La figura materna glaciale di Elisabeth ha un peso importante nella sua vita. Crede che le dinamiche familiari influenzino la nostra capacità di vivere l’amore?
«Certamente, e non lo dico solo io, ma tutte le scienze dell’anima. I primi cinque anni di vita, e fino ai 10-12, tutto ciò che un bambino vive si imprime nel suo carattere. Se un genitore non riesce a trasmettere amore, se è troppo duro, annoiato, competitivo, il bambino crescerà con una carenza di affetto che lo condizionerà. L’amore è una funzione che si apprende per imitazione: si impara ad amare solo facendo esperienza dell’amore».
Clementina, nonostante le difficoltà che ha affrontato, conserva una purezza e una gioia disarmanti. Pensa che questo personaggio possa ispirare le donne di oggi?
«Clementina non ha nessuna ragione per essere così aperta alla gioia: è orfana, povera e bullizzata dai suoi tutori. Tuttavia, ha un carattere che le permette di vedere il mondo come un tesoro che si svela. Se affronti il mondo con il cuore spalancato, la vita ti ricompensa: questo possiamo imparare da lei»
La sua è una storia che racconta l’amore come una forza inarrestabile. In tv la vediamo spesso nei salotti tv dove affronta tematiche attuali che raccontano storie di amore che portano a tragedie. Cosa ci dice tutto ciò sull’amore?
«La storia che racconto smaschera la più grande bugia sull’amore, quella su cui si fonda il potere degli uomini sulle donne. Ci hanno insegnato che, se sei brava, obbediente e bella, troverai l’amore. Come se l’amore fosse un premio da meritare. Non è così: ti spetta per il solo fatto di essere nato.
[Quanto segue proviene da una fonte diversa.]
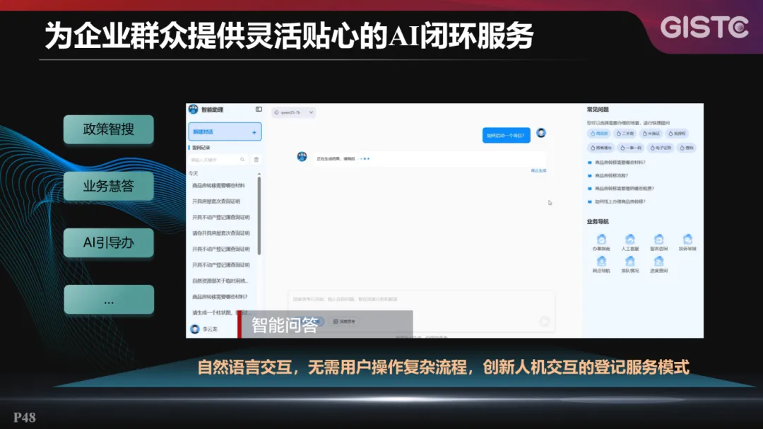 首先,智慧小登为企业群众提供灵活贴心的AI闭环服务。无需用户操作复杂流程,仅需通过自然语言交互,便可实现政策智搜、业务慧答、AI引导办理等功能,创新人机交互的登记服务模式。
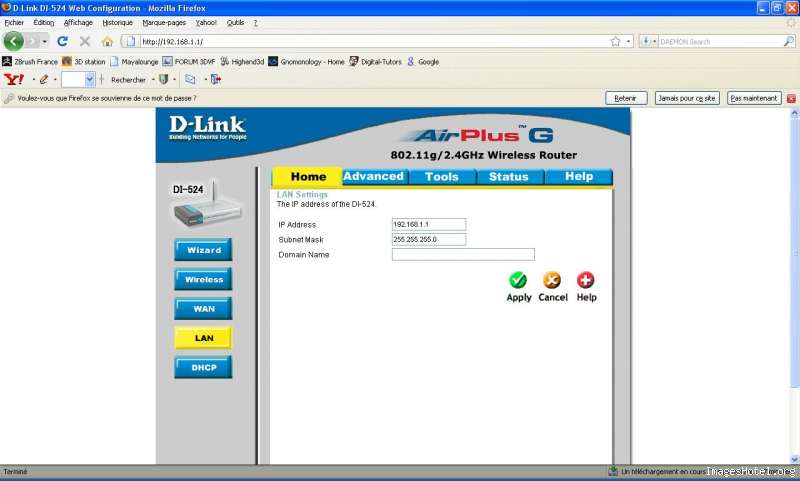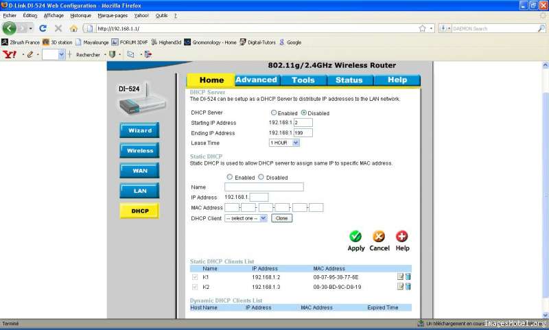Router: D-link 802.11g Dl-524 - IP 192.168.1.1

Sei venuto al mondo e cioè significa che sei un dono per il mondo. Molte donne, per colpa della grande menzogna che viene loro raccontata, sopportano umiliazioni, insulti e violenze, perché pensano di non meritare di meglio. Smascherare questa bugia significa liberarsi da questo schema, che purtroppo esiste ancora, nonostante si parli tanto di femminicidi. È necessario cambiare la nostra idea di amore»
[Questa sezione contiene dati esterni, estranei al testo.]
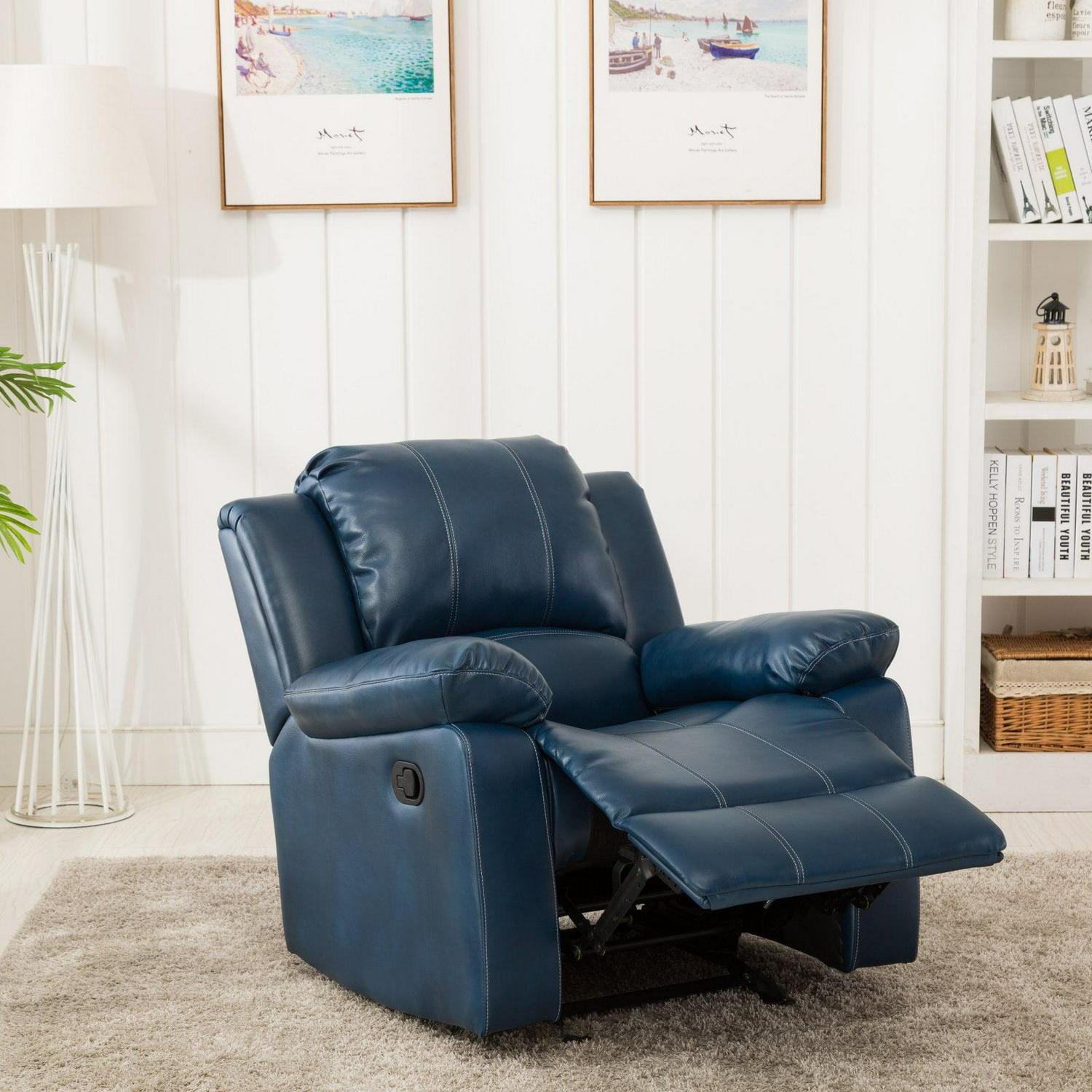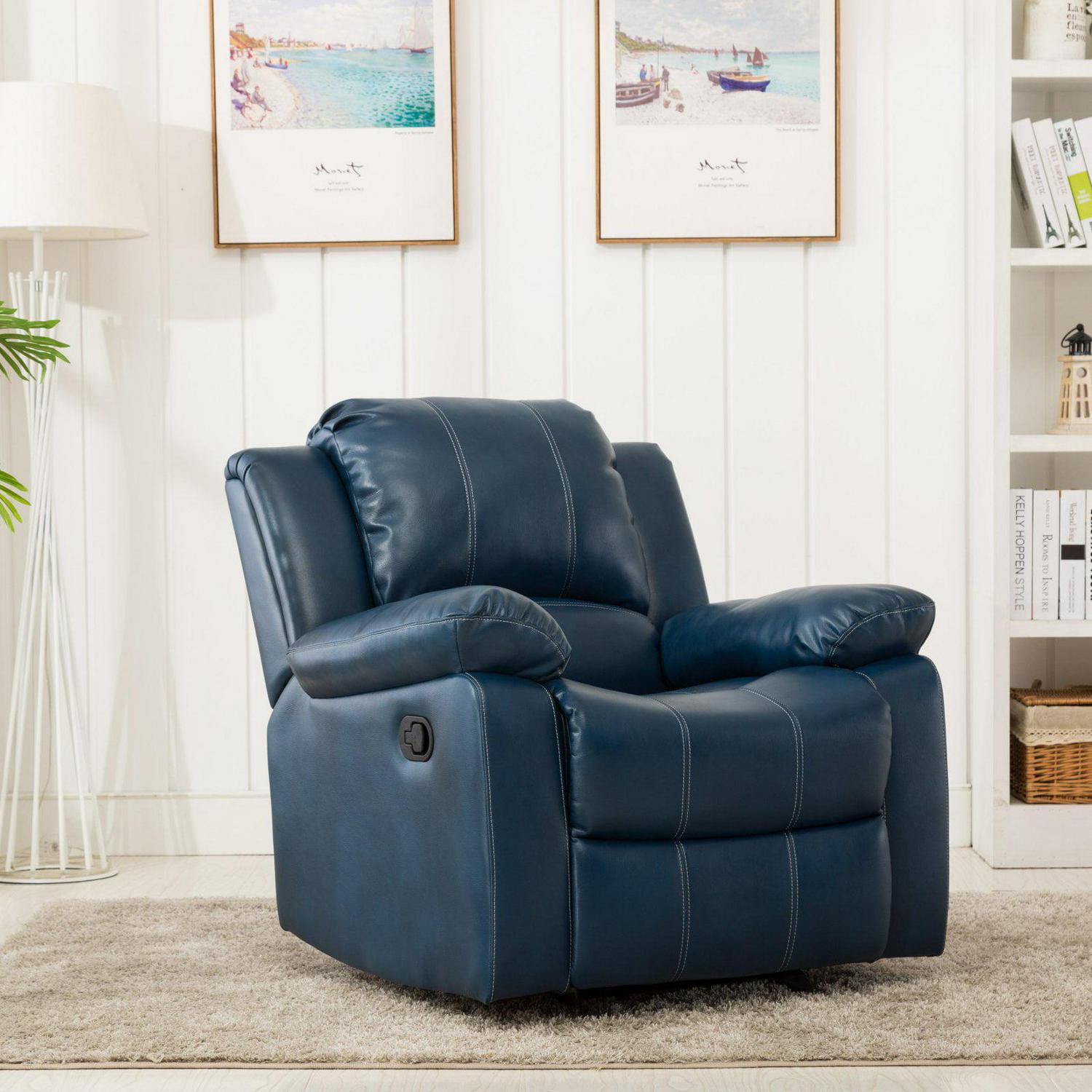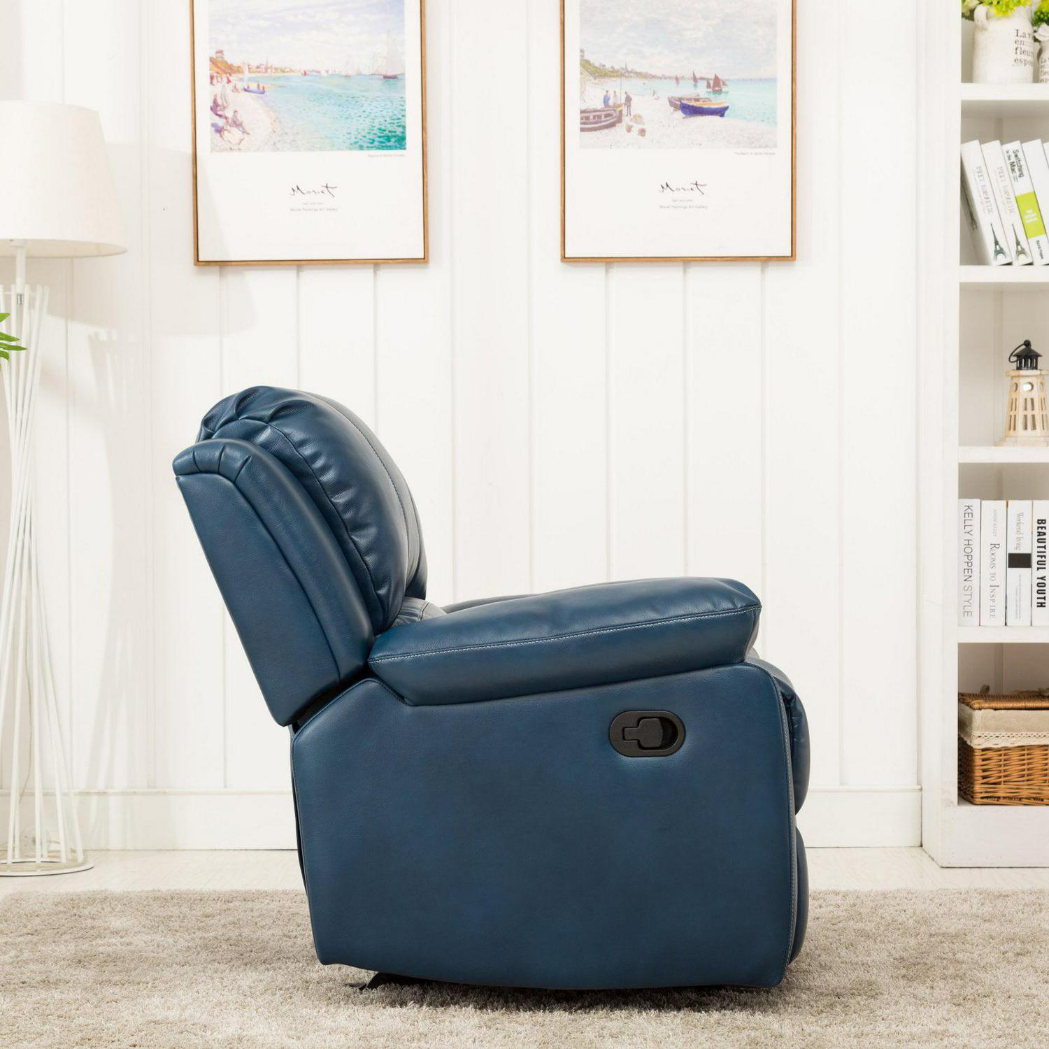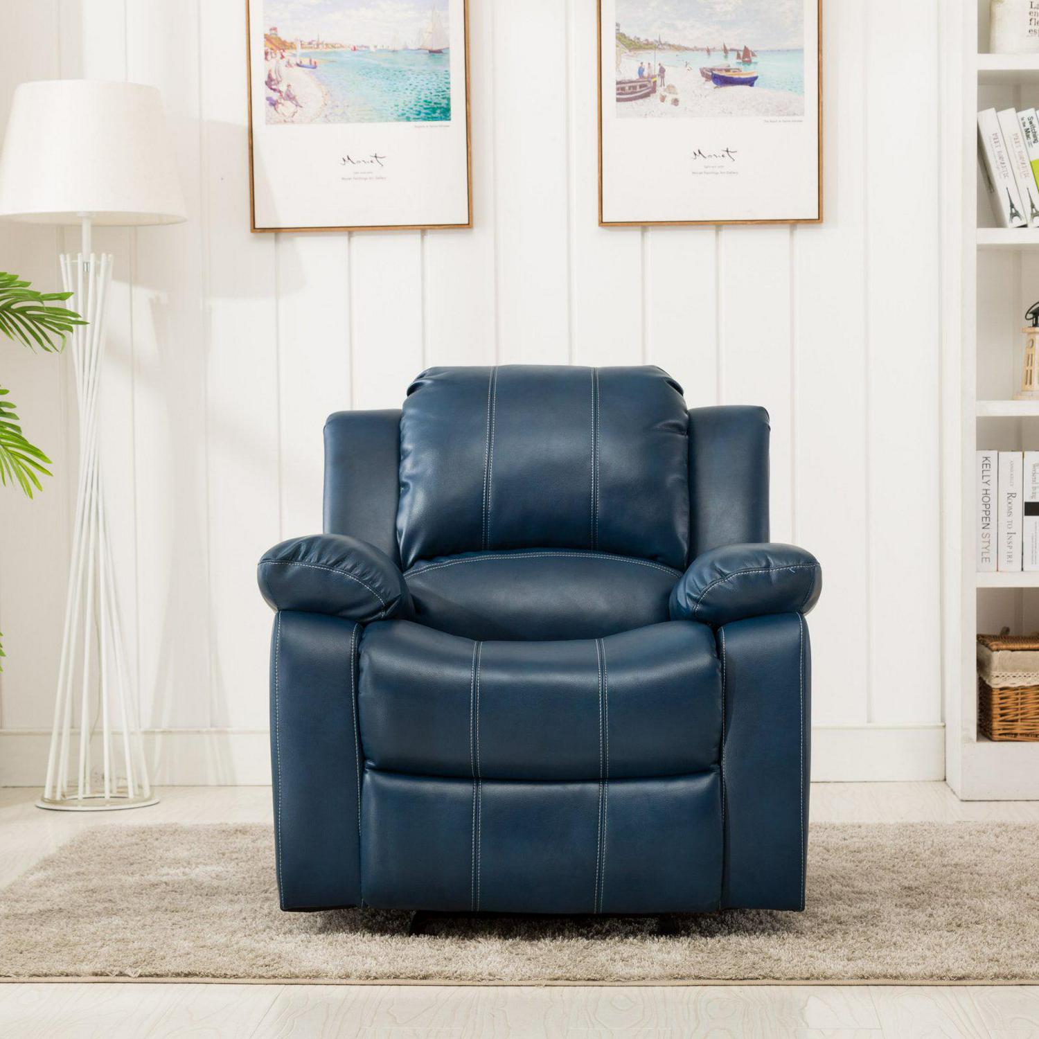 Relax in ultimate comfort and style with the Clifton Glider Recliner. The supple Navy upholstery is an innovative leather gel that provides the soft touch of a top grain leather at a great value and the contrasting top stitching adds an interesting design element. The sturdy wood frame with a heavy duty steel mechanism is designed to support up to 330 lbs. while wrapping you in comfort with premium cushion support and plush armrests. The chaise style seat gives a continuous reclining surface for excellent leg support. Enjoy smooth gliding and reclining functions in classic style with the addition of the Clifton to your home.

Alla fine della storia, cosa spera che il lettore porti con sé?
«La gioia di Clementina e una forma di liberazione dalle bugie che ci hanno raccontato sull’amore. Attraverso la storia di Elisabeth e Clementina, voglio dimostrare che ci hanno ingannato: l’amore è un diritto, non qualcosa che bisogna meritare. L’amore può accadere, l’amore accade, non deve essere conquistato»
È per questo che ha scelto il titolo L’amore può succedere. Crede che l’amore sia davvero questione di destino o di serendipità nella vita reale?
«Credo che l’amore sia una questione di benessere con se stessi e con la vita. Se inseguite qualcuno, può succedere che nasca una bella relazione, ma di solito non è così. L’amore arriva quando vuole, senza forzature».